Bazı ülkeler, devlet borçları için ödeme yapma konusunda mükemmel sicillere sahiptir ve hiçbir zaman resmi olarak temerrüde düşmemişlerdir. Bu ülkeler arasında Kanada, Danimarka, Belçika, Finlandiya, Malezya, Mauritius, Yeni Zelanda, Norveç, Singapur, İsviçre ve İngiltere bulunmaktadır.

Örtük Egemen Temerrüt

Son birkaç on yılda, özellikle yabancı para birimi cinsinden borç alan ülkeler tarafından birkaç hükümet temerrüdü yaşandı. Temerrüt gerçekleştiğinde, hükümetin tahvil getirileri hızla yükselir ve ülke içi ve çoğu zaman dünya ekonomisinde bir dalgalanma etkisi yaratır.

Enflasyon bazen ülkelerin borçlarının gerçek yükünden kurtulmalarına yardımcı olmuştur. Bir ülke kendi para birimini ihraç ettiğinde ve bu para biriminde borç aldığında, borcunu geri ödemek için daha fazla para birimi yaratma seçeneğine sahiptir. Çoğu zaman, bu, hükümetin daha sonra harcayabileceği yeni yaratılmış para karşılığında yeni çıkarılan devlet borcunu satın alan ve tutan (veya sürekli olarak devralan) bir hükümetin merkez bankasının çalışmasıyla gerçekleştirilir. Bu uygulama nicel genişleme (QE) olarak bilinen şu anda yaygın olan para politikasına benzer.
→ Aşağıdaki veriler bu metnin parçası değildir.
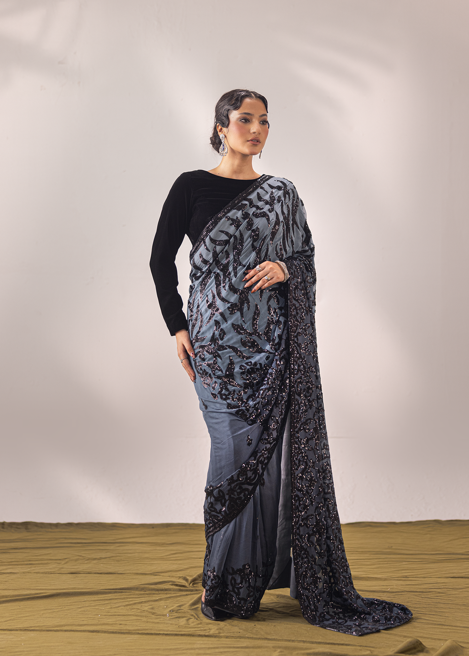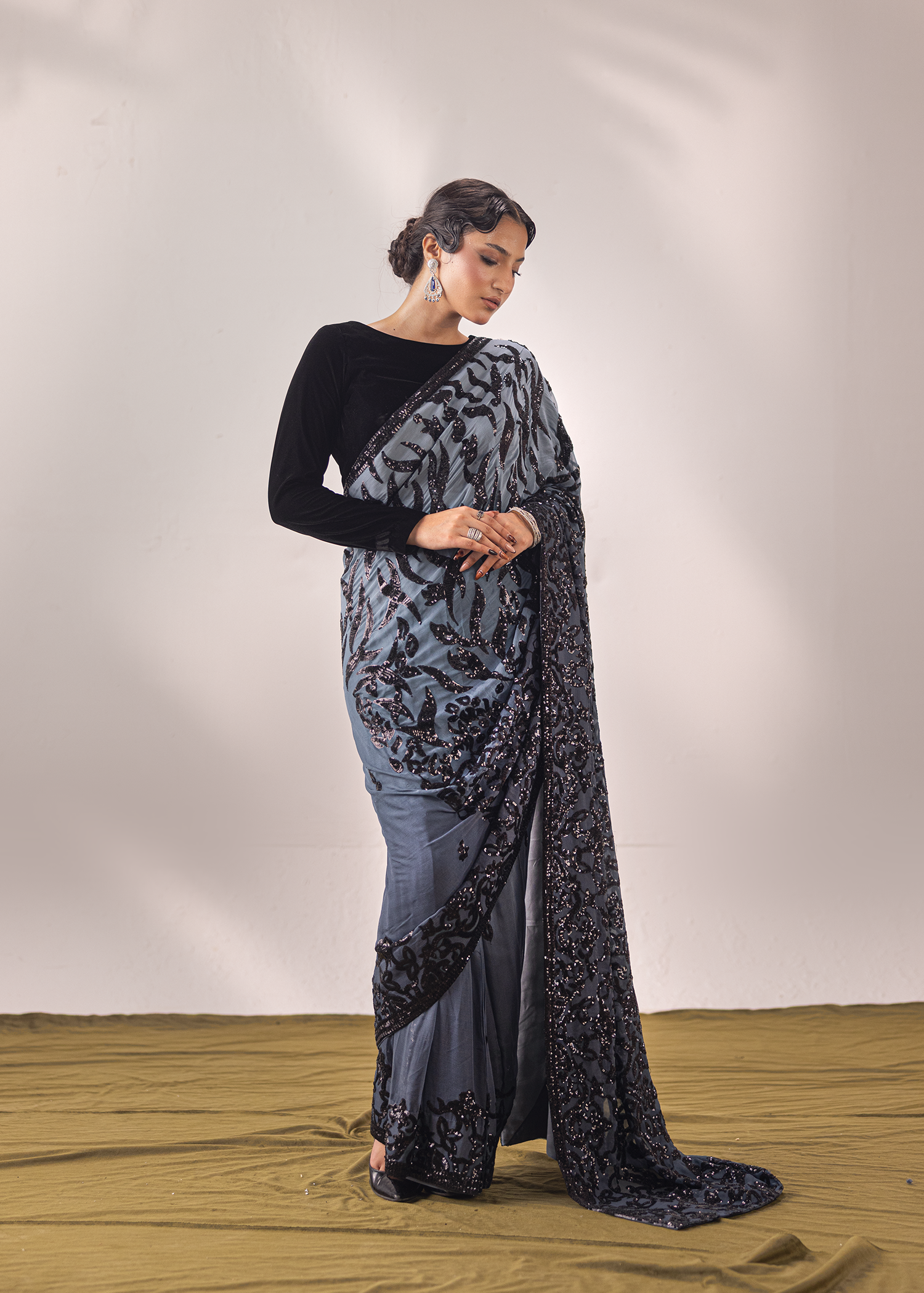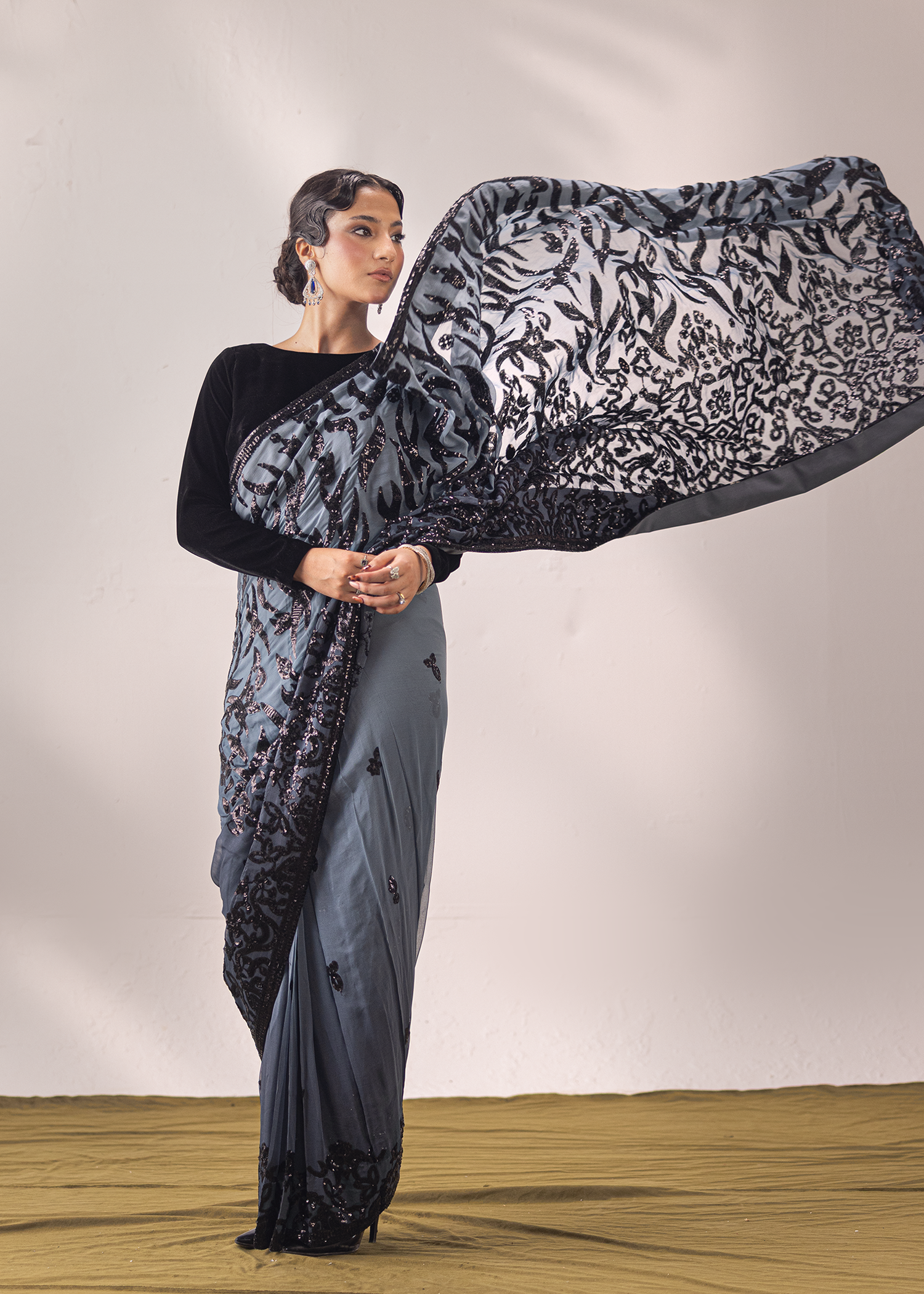 A sari in black and grey, crafted from velvet and chiffon. The fluid drape contrasts with a structured blouse, creating a statement of festive elegance with modern refinement.
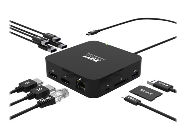 La station d'accueil de voyage PORT Connect USB-C 2X4K augmente la connectivité des ordinateurs portables et fournit jusqu'à 85W de puissance via un réplicateur de d'énergie. Ce dispositif prend en charge jusqu'à 10 périphériques simultanément. Il peut afficher deux écrans supplémentaires à haute résolution via Display Port, jusqu'à 4K Ultra HD. Ses 5 ports USB-A offrent un transfert de données à haut débit (jusqu'à 5Gb/s.) et son port USB-C permet de charger des périphériques et de transférer des données jusqu'à 10Gb/s. La station d'accueil est compatible avec les PC et les Chromebook. Sa taille est adaptée à la mobilité.
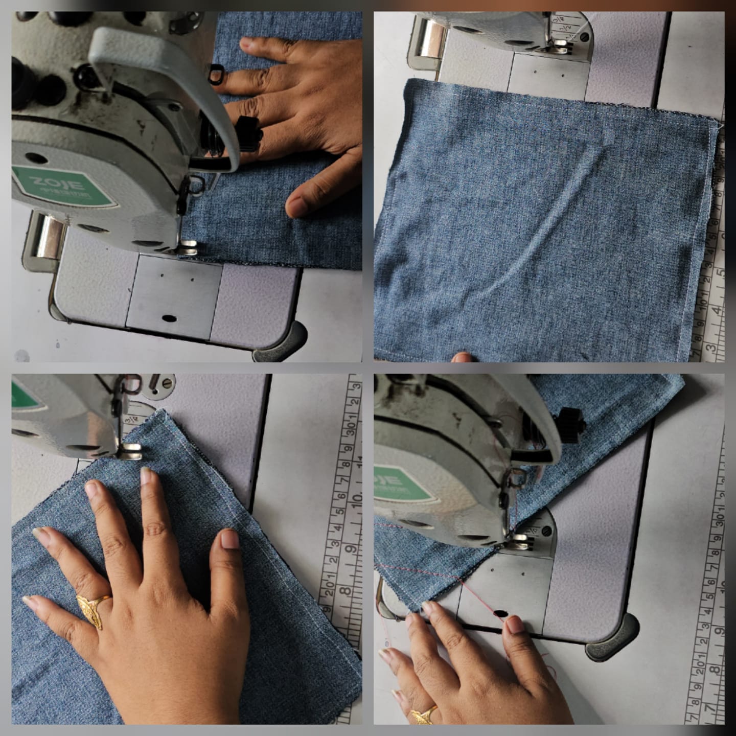 Then I placed the two pieces of fabric one on top of the other and sewed them around. Then I sewed the corners evenly. In this way, I sewed a few stitches one after the other.
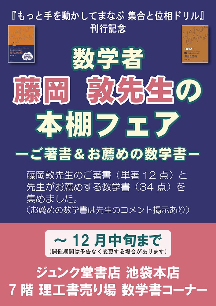 数学者・藤岡敦先生による待望の新刊『もっと手を動かしてまなぶ集合と位相ドリル』(裳華房,2025年9月)の刊行を記念して、藤岡先生のご著書(単著)12点と、先生お薦めの数学書34点を大展開しています。
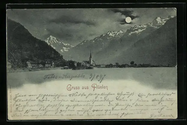 Mondschein-AK Flüelen, Uferpartie mit Kirche
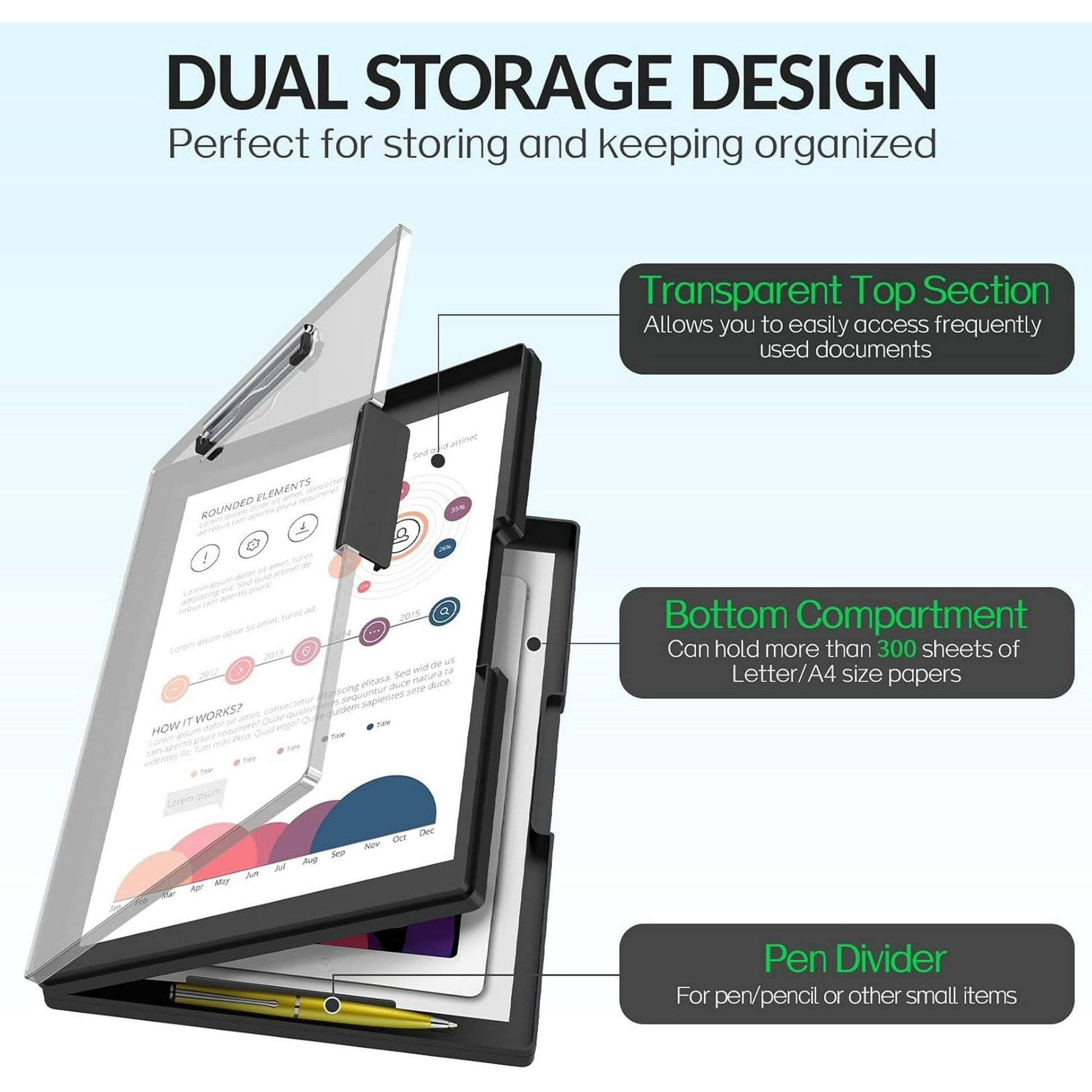 - High Capacity: Storage clipboard built-in a paper storage box, large enough to hold up 300 sheets of A4 paper ,Dual-Layer design ensure roomy space for various needs of storage. Allows to store most daily office supplies and keep them organized
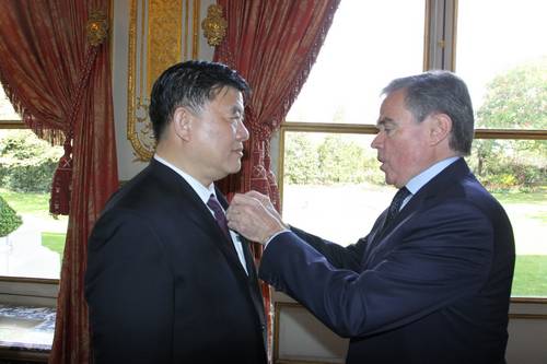 2012年4月12日,法国国民议会议长阿夸耶在巴黎代表法国总统萨科齐授予陈竺“法国荣誉军团军官勋章
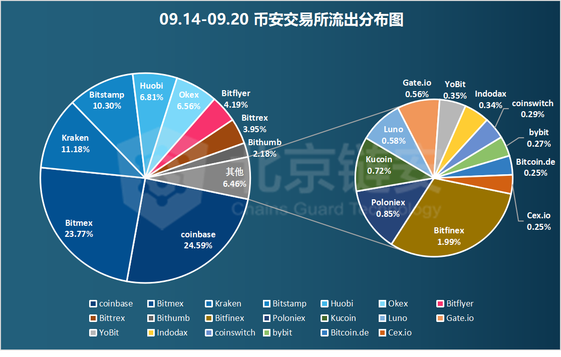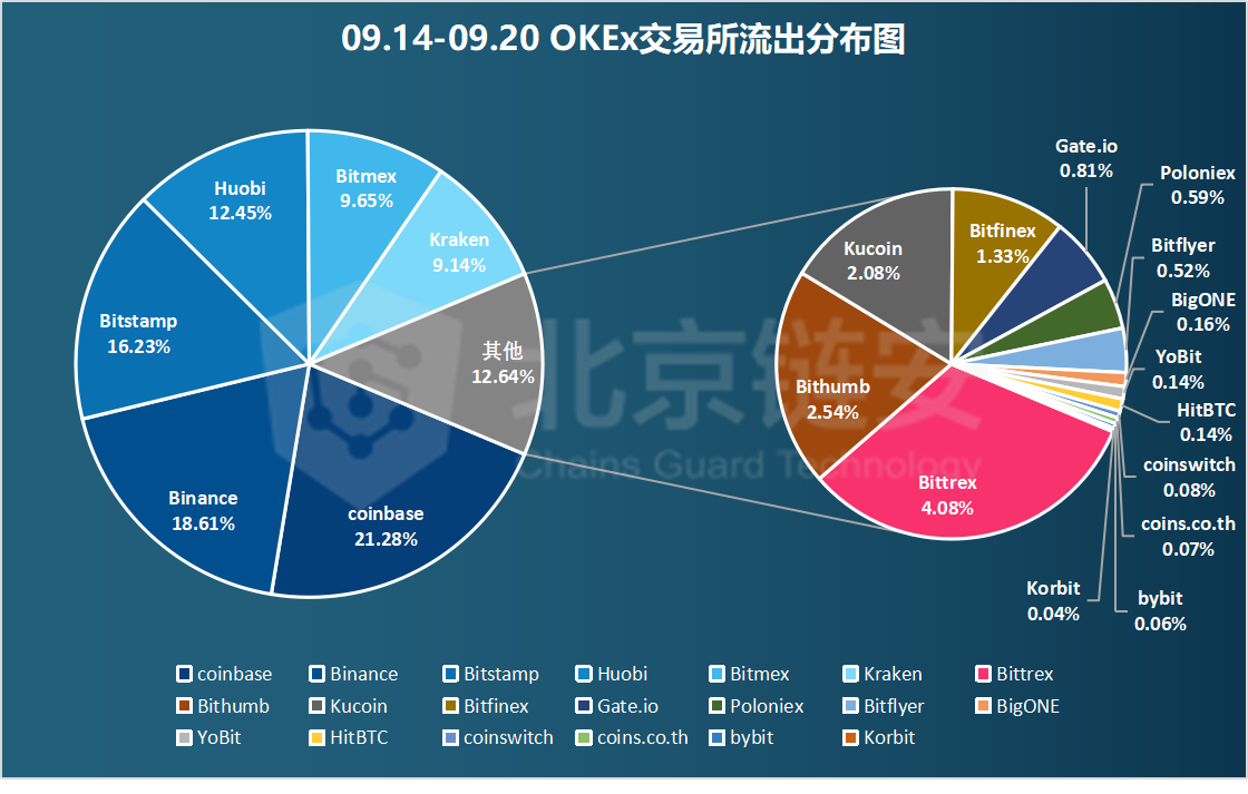 According to the outflow distribution chart, it can be seen that coinbase continues to occupy a large proportion of the outflows of the three major exchanges, but the shadow of Kraken appeared in the top three outflows of Binance Exchange this week, if this does not represent a new If there is a trend, then it is very likely that there was a transfer of large accounts from Binance to the exchange last week, and we need to further observe the data of the next week. From the perspective of Huobi, the largest exchange for outflows has once again turned to Binance, followed by Coinbase and Bitmex. The whereabouts of Bitcoin on the OKEx exchange is worthy of attention. Bitstamp, whose proportion has increased significantly in the past three weeks, has already ranked among the top three this week.

Diğer zamanlarda, aşırı borçla karşı karşıya kaldıklarında, bazı hükümetler kendi borçlarına uygulamak için daha fazla para basılarak bunu yaptıkları para birimlerinin değerini düşürdüler. Geçmişte bu, para birimlerinin sabit oranlarda değerli metallere veya metal destekli dövize dönüştürülebilirliği sona erdirilerek veya değiştirilerek de başarılıyordu.

Bu uygulamalar, hükümetin borcunun, satın alma gücünün çoğunu kaybetmiş olan para cinsinden nominal olarak geri ödenmesi ile sonuçlanması bakımından, devlet borcunun zımni bir temerrüdünü temsil eder. Resmi bir temerrüt gibi, hükümdar için artan faiz oranlarına ve borç verenlerin ülkenin borcunu satın alma veya tutma istekliliğinin azalmasına neden olabilirler.

Genel olarak mükemmel bir rekora rağmen, Birleşik Devletler   tarihi boyunca teknik olarak birkaç kez temerrüde düşmüştür. Örneğin 1979’da Hazine, yazım hatası nedeniyle 122 milyon dolarlık borcun faiz ödemelerini geçici olarak kaçırdı. Devlet borçlarını ödeyebilse bile, borç limiti üzerindeki dönemsel çatışmaların bize hatırlattığı gibi, yasa koyucular bunu yapmaya istekli olmayabilir.